◆ Activity ◆
An exact retyping of all lines below is the answer; pictures do not belong in it.

◆ Data provided ◆
______________________________

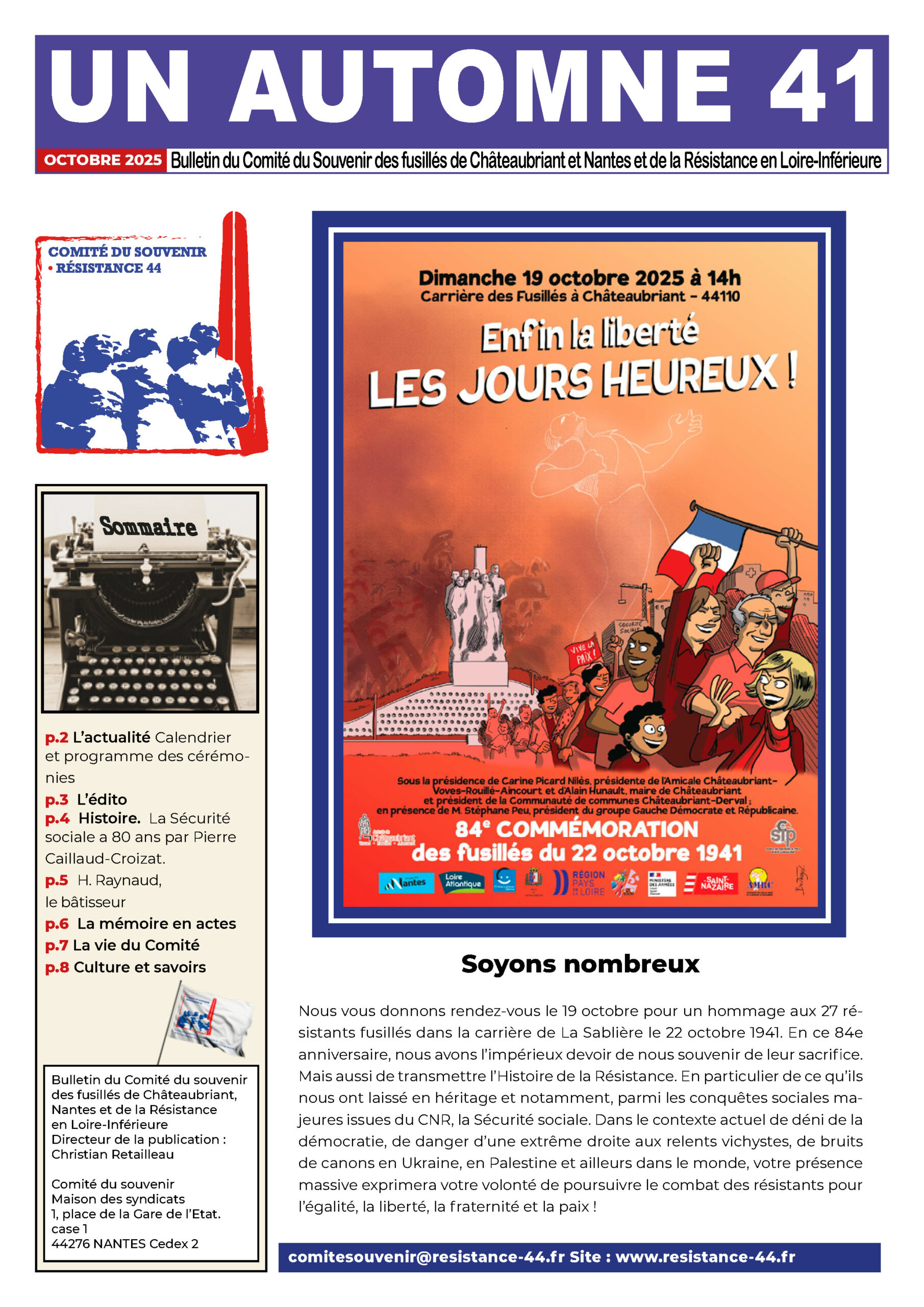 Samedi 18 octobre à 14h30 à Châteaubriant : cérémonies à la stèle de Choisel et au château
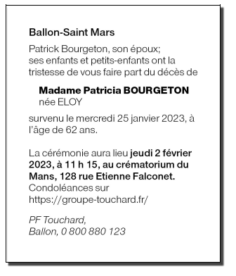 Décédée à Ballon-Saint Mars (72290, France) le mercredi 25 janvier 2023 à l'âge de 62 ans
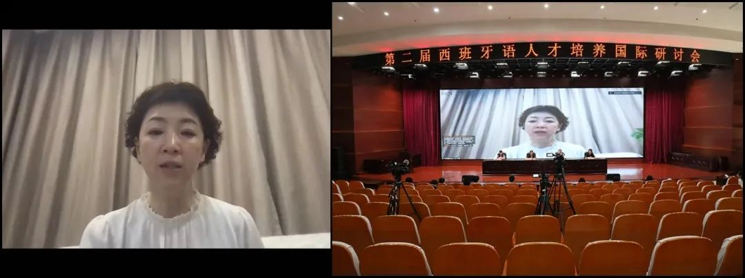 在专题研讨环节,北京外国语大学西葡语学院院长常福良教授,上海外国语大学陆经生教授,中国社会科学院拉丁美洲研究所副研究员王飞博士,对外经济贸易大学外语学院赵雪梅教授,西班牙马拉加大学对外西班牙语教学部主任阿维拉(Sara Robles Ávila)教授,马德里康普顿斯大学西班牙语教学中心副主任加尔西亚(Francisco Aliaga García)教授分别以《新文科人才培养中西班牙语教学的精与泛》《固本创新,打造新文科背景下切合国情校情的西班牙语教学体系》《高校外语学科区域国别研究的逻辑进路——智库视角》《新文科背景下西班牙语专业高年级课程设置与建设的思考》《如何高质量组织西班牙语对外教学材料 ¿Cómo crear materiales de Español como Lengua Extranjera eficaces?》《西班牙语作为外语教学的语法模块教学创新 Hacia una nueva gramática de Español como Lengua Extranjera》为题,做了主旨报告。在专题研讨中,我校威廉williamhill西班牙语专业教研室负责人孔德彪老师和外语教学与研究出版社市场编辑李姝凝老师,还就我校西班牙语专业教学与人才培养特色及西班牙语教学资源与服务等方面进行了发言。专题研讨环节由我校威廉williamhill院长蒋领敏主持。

______________________________

◆ Answer box ◆
 Samedi 18 octobre à 14h30 à Châteaubriant : cérémonies à la stèle de Choisel et au château
 Décédée à Ballon-Saint Mars (72290, France) le mercredi 25 janvier 2023 à l'âge de 62 ans
 在专题研讨环节,北京外国语大学西葡语学院院长常福良教授,上海外国语大学陆经生教授,中国社会科学院拉丁美洲研究所副研究员王飞博士,对外经济贸易大学外语学院赵雪梅教授,西班牙马拉加大学对外西班牙语教学部主任阿维拉(Sara Robles Ávila)教授,马德里康普顿斯大学西班牙语教学中心副主任加尔西亚(Francisco Aliaga García)教授分别以《新文科人才培养中西班牙语教学的精与泛》《固本创新,打造新文科背景下切合国情校情的西班牙语教学体系》《高校外语学科区域国别研究的逻辑进路——智库视角》《新文科背景下西班牙语专业高年级课程设置与建设的思考》《如何高质量组织西班牙语对外教学材料 ¿Cómo crear materiales de Español como Lengua Extranjera eficaces?》《西班牙语作为外语教学的语法模块教学创新 Hacia una nueva gramática de Español como Lengua Extranjera》为题,做了主旨报告。在专题研讨中,我校威廉williamhill西班牙语专业教研室负责人孔德彪老师和外语教学与研究出版社市场编辑李姝凝老师,还就我校西班牙语专业教学与人才培养特色及西班牙语教学资源与服务等方面进行了发言。专题研讨环节由我校威廉williamhill院长蒋领敏主持。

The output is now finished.